Recorded data ::
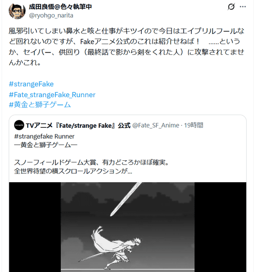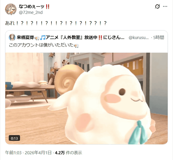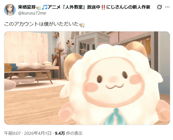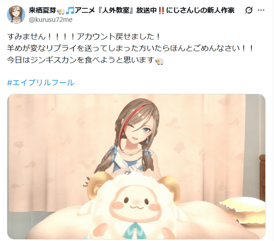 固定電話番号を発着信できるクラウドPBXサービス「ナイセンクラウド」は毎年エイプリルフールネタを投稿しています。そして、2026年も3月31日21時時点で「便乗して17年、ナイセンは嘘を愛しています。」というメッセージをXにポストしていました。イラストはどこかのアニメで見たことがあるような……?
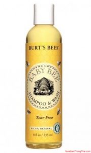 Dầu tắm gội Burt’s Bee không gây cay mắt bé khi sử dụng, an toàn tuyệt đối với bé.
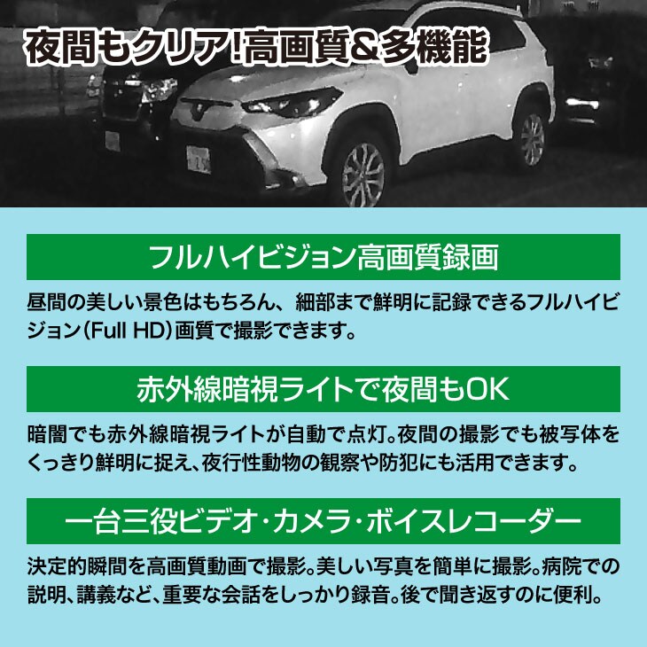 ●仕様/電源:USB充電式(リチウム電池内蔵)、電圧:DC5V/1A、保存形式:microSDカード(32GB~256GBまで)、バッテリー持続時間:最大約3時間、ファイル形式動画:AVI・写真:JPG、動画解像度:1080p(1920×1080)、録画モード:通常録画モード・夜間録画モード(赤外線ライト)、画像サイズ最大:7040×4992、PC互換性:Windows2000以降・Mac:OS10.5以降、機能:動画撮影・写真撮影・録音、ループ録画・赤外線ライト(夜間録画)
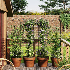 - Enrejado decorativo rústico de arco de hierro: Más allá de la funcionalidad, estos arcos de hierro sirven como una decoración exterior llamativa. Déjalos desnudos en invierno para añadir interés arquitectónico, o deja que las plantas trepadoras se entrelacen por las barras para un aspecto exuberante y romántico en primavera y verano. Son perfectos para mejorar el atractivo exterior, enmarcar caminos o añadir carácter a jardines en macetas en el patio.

Task description :: Please return the material above unchanged, with every picture removed.

Your response ::
 固定電話番号を発着信できるクラウドPBXサービス「ナイセンクラウド」は毎年エイプリルフールネタを投稿しています。そして、2026年も3月31日21時時点で「便乗して17年、ナイセンは嘘を愛しています。」というメッセージをXにポストしていました。イラストはどこかのアニメで見たことがあるような……?
 Dầu tắm gội Burt’s Bee không gây cay mắt bé khi sử dụng, an toàn tuyệt đối với bé.
 ●仕様/電源:USB充電式(リチウム電池内蔵)、電圧:DC5V/1A、保存形式:microSDカード(32GB~256GBまで)、バッテリー持続時間:最大約3時間、ファイル形式動画:AVI・写真:JPG、動画解像度:1080p(1920×1080)、録画モード:通常録画モード・夜間録画モード(赤外線ライト)、画像サイズ最大:7040×4992、PC互換性:Windows2000以降・Mac:OS10.5以降、機能:動画撮影・写真撮影・録音、ループ録画・赤外線ライト(夜間録画)
 - Enrejado decorativo rústico de arco de hierro: Más allá de la funcionalidad, estos arcos de hierro sirven como una decoración exterior llamativa. Déjalos desnudos en invierno para añadir interés arquitectónico, o deja que las plantas trepadoras se entrelacen por las barras para un aspecto exuberante y romántico en primavera y verano. Son perfectos para mejorar el atractivo exterior, enmarcar caminos o añadir carácter a jardines en macetas en el patio.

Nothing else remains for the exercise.